October 22, 2007
I have met the lawyer, writer, actor and economist Ben Stein a couple of times when we both appeared as guests with on Fox’s “Cavuto on Business”. I was a little star-struck at first, but after a few minutes of chatting in the green room, I realized that he was closer to my investment philosophy than that of the other guests. While they were salivating over individual stocks, he and I were happy to talk about boring old exchange-traded funds based on the value of major indices.
I thought about Mr. Stein recently after receiving a few calls on the radio show from investors who were ecstatic about one stock or another. I know that this is not a popular position, but frankly, I am not that intrigued by individual company stories. Yes, we know that your brother in-law’s cousin was the first guy to buy Microsoft, but in twenty years of doing this, I have rarely encountered any retail investor who consistently beat the stock market index with a portfolio of individual holdings. It’s worth mentioning that rarely does an investor regale you with the story of his most embarrassing losers; rather he seems only to talk about the winners.

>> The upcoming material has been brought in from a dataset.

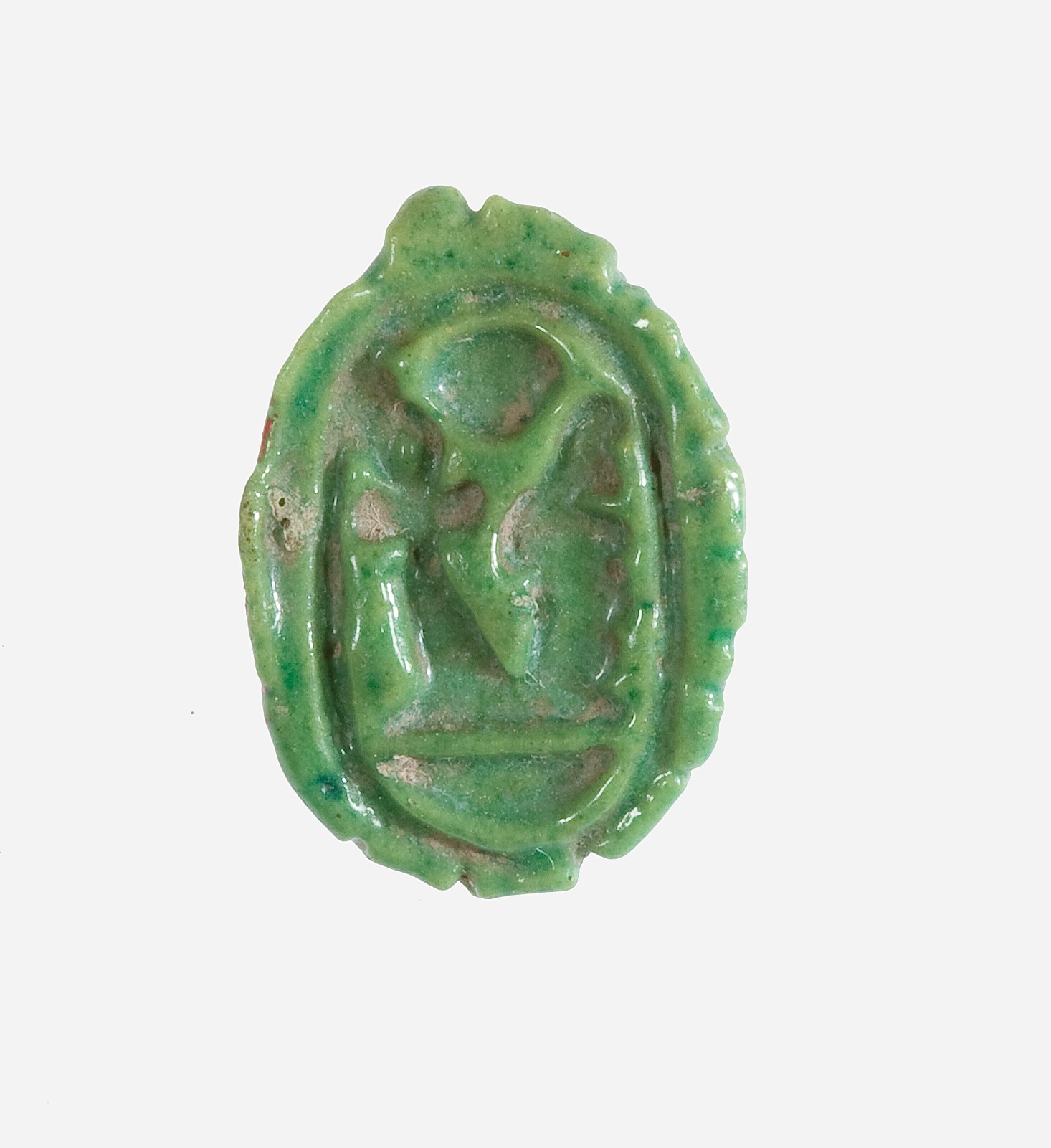 This scarab was made by pressing faience paste into a pottery mold. Before the paste was dry, a stamp inscribed with the throne name of Amenhotep III (Nebmaatre) was pressed onto the base, pushing some of the material over the edge of the mold. This excess material was never trimmed, leaving the ragged outline.

I acknowledge that are some incredibly brilliant people with resources far greater than mine who are truly gifted stock pickers. But given that 90% of a retail investor’s return is derived from the top-line asset allocation decision (i.e. the choice of stocks, bonds, commodities and cash), doesn’t it make more sense on concentrating on that part of the analysis than to hoist that dart towards a board filled with individual stocks? Ben Stein recently underscored this concept in the New York Times (“Sound Investing and Peaceful Sleep” October 14, 2007) when he stated clearly: “Avoid individual stocks. The data on this is as clear as a bell, and has been compiled by high-end thinkers ranging from Nobel laureates to the best friend the ordinary investor has ever had, John C. Bogle of Vanguard. Basically, you and I cannot pick stocks.”
Mr. Stein then points out what I have been saying for some time---that it has never been better to be a small investor! The advent of open-ended, no load mutual funds, index funds and exchange-traded funds have opened up opportunities that have never been possible in the past. You can now select assets to create a well-diversified portfolio without paying boatloads of money or worrying about company-specific risks. “The evidence that this form of investment does better over long periods than trying to pick stocks is simply staggering…Just as you might stop to gamble $300 as you pass by the craps table at the Mirage on your way back from the meeting to your room, feel free to take a flier on a few stocks just for laughs. But keep it limited.”
It’s worth noting that I’ve been around a lot of talented traders in my time. It is interesting to note that almost every one of them, ranging in ages has abandoned individual stocks in favor of exchange-traded funds. When they want a little “action” on a particular stock, they dabble with small amounts in their retirement accounts. If it’s good enough for these stars and Ben Stein, maybe you should try it too!